Hatte ich dereinst meine Einmaligkeit und damit mein unverbrüchliches Alleinsein erkannt, so sah ich mich heut zum ersten Mal einem neblichten Schicksal gegenübergestellt, das ich allein zu tragen hatte. Wie würde es nach der Enthüllung aussehen? Welche Lasten lud es mir auf?
Das große Fragezeichen blieb fortan vor meiner Seele wie ein Memento aufgerichtet. Dahinter war eine wolkenhafte Finsternis, in welcher Drohungen wetterleuchteten. Gott sei Dank war das Ganze mit einer Himmelsrichtung verknüpft, während die übrigen und die dazwischenliegenden Punkte meines Gesichtskreises frei waren. Durch einen dieser Punkte fand sich ein Radius vom Zentrum hinausgeführt. Er glich einem silbernen Strahl, der sich allerdings auch im Raume verlor, aber gleichsam in einem silbernen Nebel.
Nie eigentlich gab es in unserm Hause private Gesellschaft. Sommers konnte davon nicht die Rede sein, und da meine Mutter sich im Allgemeinen an Kaffeekränzchen und dergleichen nicht beteiligte, fehlte auch im Winter die Veranlassung. Vater und Mutter pflegten im Ort keinerlei Geselligkeit, eher mit Bewusstsein das Gegenteil.
Einmal aber wurden doch die Gemächer des ersten Stockes für den Empfang einer größeren Abendgesellschaft hergerichtet, und zwar die ganze Zimmerflucht. Alles wurde sorgsam durchwärmt. Im ersten Raume stand das Büfett mit Leckerbissen, Gläsern und geöffneten Weinflaschen, im zweiten und dritten waren Esstischchen aufgestellt, das vierte Zimmer aber hatte mein Vater zu einem Lesekabinett ausersehen, wo man allerlei Bücher und Zeitschriften durchblättern konnte, aus den sonst wenig benützten Schätzen seines Bücherschranks: Meyers Universum mit seinen schönen Illustrationen, ein dickes Prachtwerk, das, in Kupferstich reproduziert, einen großen Teil der Schätze des Berliner Museums enthielt, ein französisches Werk mit farbigen Lithografien, »Muses et fées«, und Illustrationen zur Ilias, die in einen deutschen Prosatext des Werkes eingefügt waren.
Selbstverständlich, dass ich vor dem Eintritt der Gäste alle diese Werke eifrig durchmusterte.

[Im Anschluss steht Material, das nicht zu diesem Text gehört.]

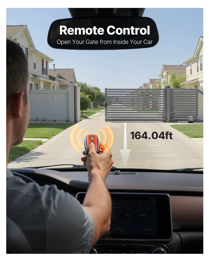 ✔ Accès par télécommande : L’ouvre-porte coulissante comprend deux télécommandes d’une portée de 50 m et prend en charge jusqu’à 40 télécommandes pour les grands ménages, les communautés, les entreprises ou les écoles.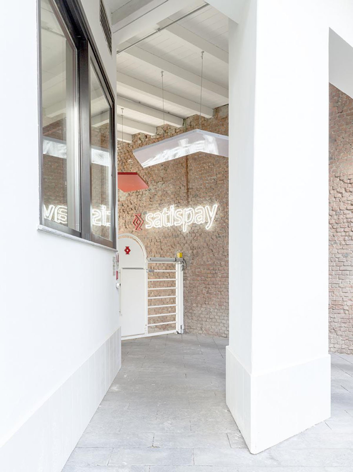 The Lobby/Entrance is common for all people working in the building. It is a place where everybody passes to reach their position. We wanted to have this centrality, being a very articulated complex. It can be said that all the conformation is designed towards obtaining a “village”, the CASA SATISPAY.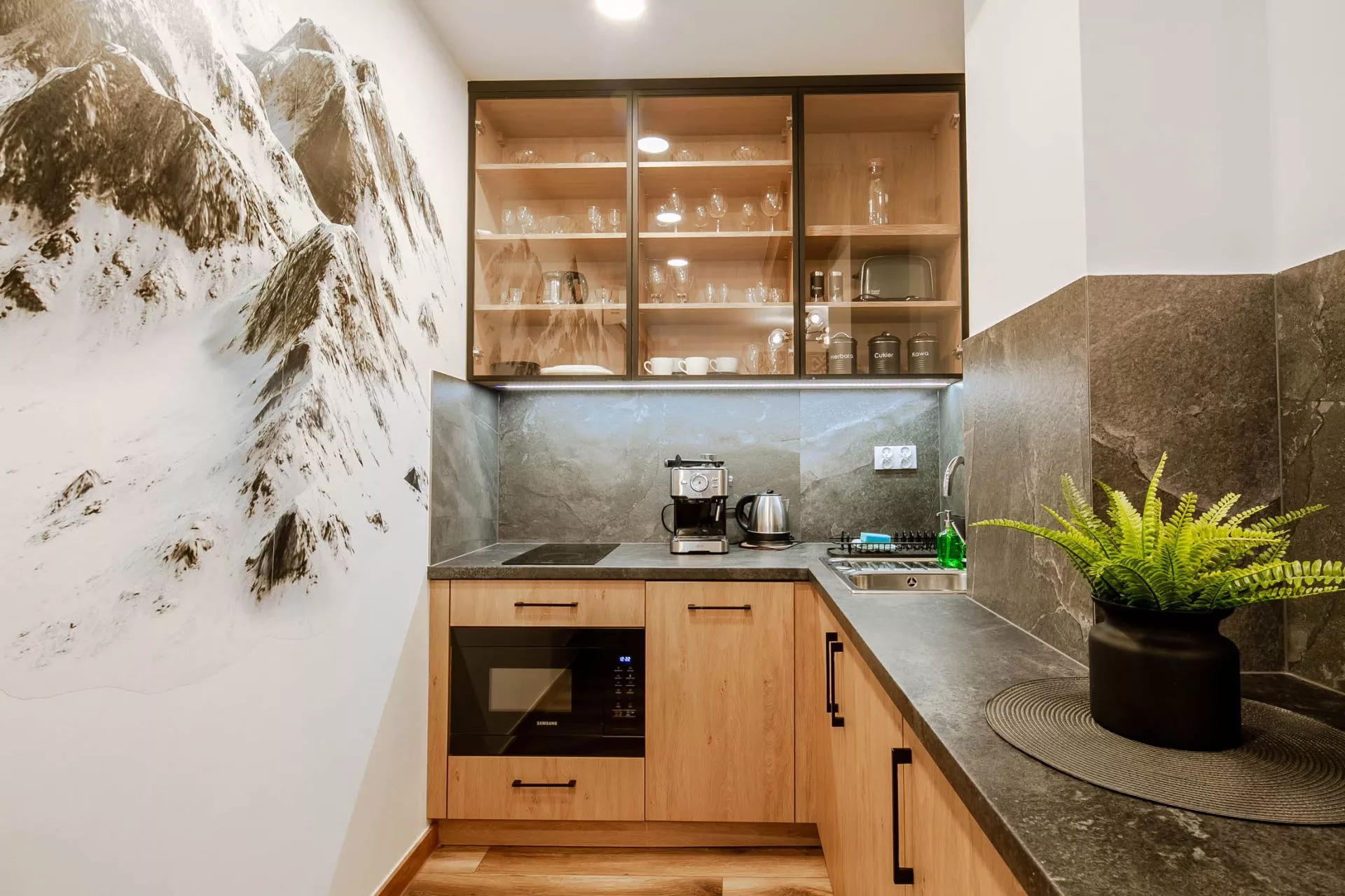 Apartamenty Księżycowe SPA - komfortowy kompleks apartamentów zlokalizowany w cichej, spokojnej i wyjątkowo widokowej dzielnicy Zakopanego - Oberconiówka. Z okien apartamentów rozpościera się przepiękny widok na Panoramę Tatr, przed budynkiem znajduje się bezpłatny parking samochodowy, teren wokół jest ogrodzony, a wjazd na posesję zamykany szlabanem na pilota.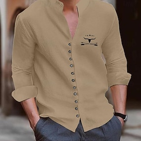 Męskie Koszula Koszula lniana Letnia koszula Stroje plażowe Zapinana na guziki koszula Równina Urlop Codzienny Czarny Biały Khaki Szary Długi rękaw Wieczorne Lato Wiosna Odzież
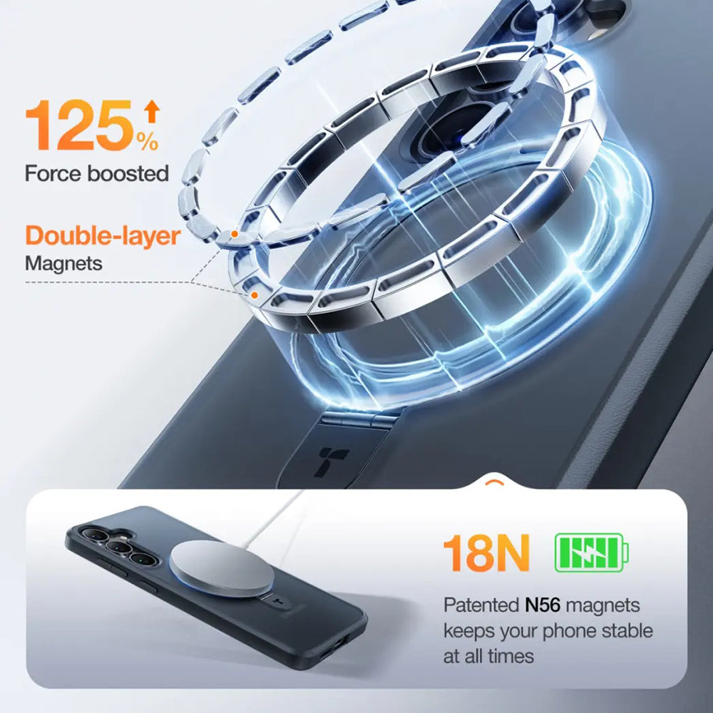Husa de protectie Torras Ostand MagSafe Series compatibil cu Samsung Galaxy S25, Negru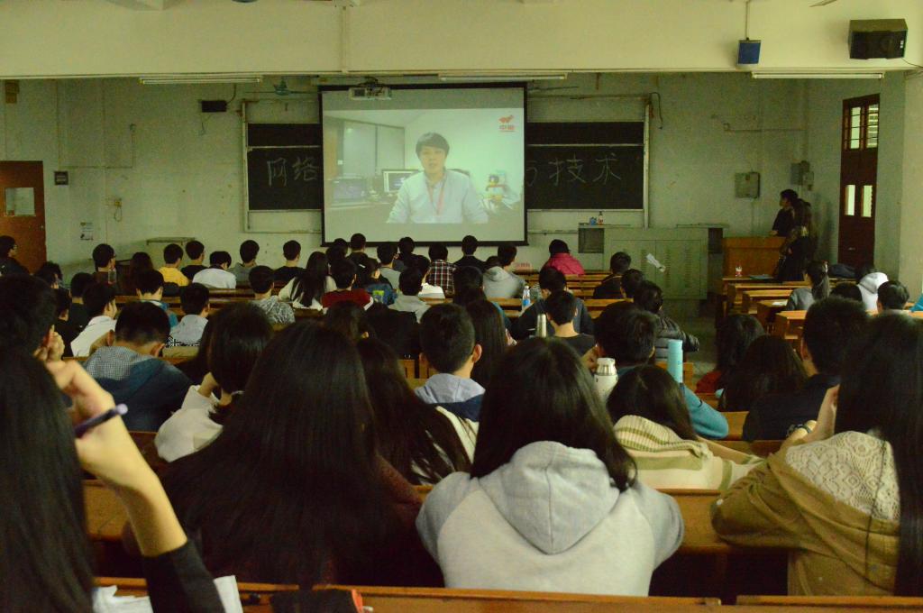 讲座由天融信公司的黑客攻防技术工程师钟强先生主讲。他从网络信息的组成、黑客的分类、公司网络方面的工作岗位、网络产品从研发到测试到销售的完整过程等几大类进行详细的讲解。
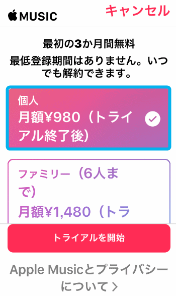 3ヶ月無料トライアルで3ヶ月間無料で音楽聴き放題です。
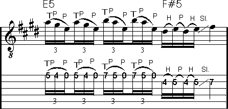 Sum 41- In Too Deep- Der Leadpart Seite 2Die AnalyseFalls du schon einmal das Video zum Song gesehen hast wirst du sicher wissen, dass Gitarrist Dave Baksh an zwei Stellen seines Solos Tappings einsetzt. Ist ja eigentlich auch kein Wunder, schließlich gibt Mr. Brown Sound auf die Frage, welche Alben zu seinen All Time Favourites gehören, unter anderem auch das Van Halen Album Fair Warning an. Namentlich folgender Teil des In Too Deep Solos lässt sich mit Hilfe der Tapping Technik zum Besten geben:
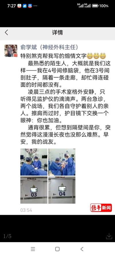 “尽管是通宵的手术,但想到隔壁那个同样在奋战的身影,漫漫长夜似乎也变得不再难熬。”俞学斌感慨道。

Besonders »Muses et fées« mit seinen durch Gazekleidchen lose verhüllten rosigen Mädchenkörpern entzückte mich. Dann kam die Ilias an die Reihe. Als ich lange das Buch durchblättert und Prosastücke entziffert hatte, ging mir jäh wie ein helles Licht der Gedanke auf, man müsste diese Prosa in Verse umwandeln. Wenn du diese Aufgabe lösen könntest, dachte ich – der Ruhm eines großen Dichters würde damit gewonnen sein.
Ich habe damals weder vom Vorhandensein der Ilias noch der Odyssee noch eines Dichters namens Homer gewusst.
Diese Erkenntnis, der Gedanke, die Ilias zu dichten, die, ohne dass ich es wusste, als Dichtung bereits vorhanden war, die damit verknüpfte Hoffnung des Dichterruhms war eben der silberne Strahl, der keine Mauer zu durchdringen brauchte und sich in freier Ferne in einem silbern-lockenden Nebel verlor.
Irgendeinen Versuch, die gefasste Idee zu verwirklichen, habe ich damals nicht unternommen. Keinerlei Überlegung, sondern höchstens ein unbewusstes Wissen meiner knabenhaften Unzulänglichkeit hielt mich davon zurück.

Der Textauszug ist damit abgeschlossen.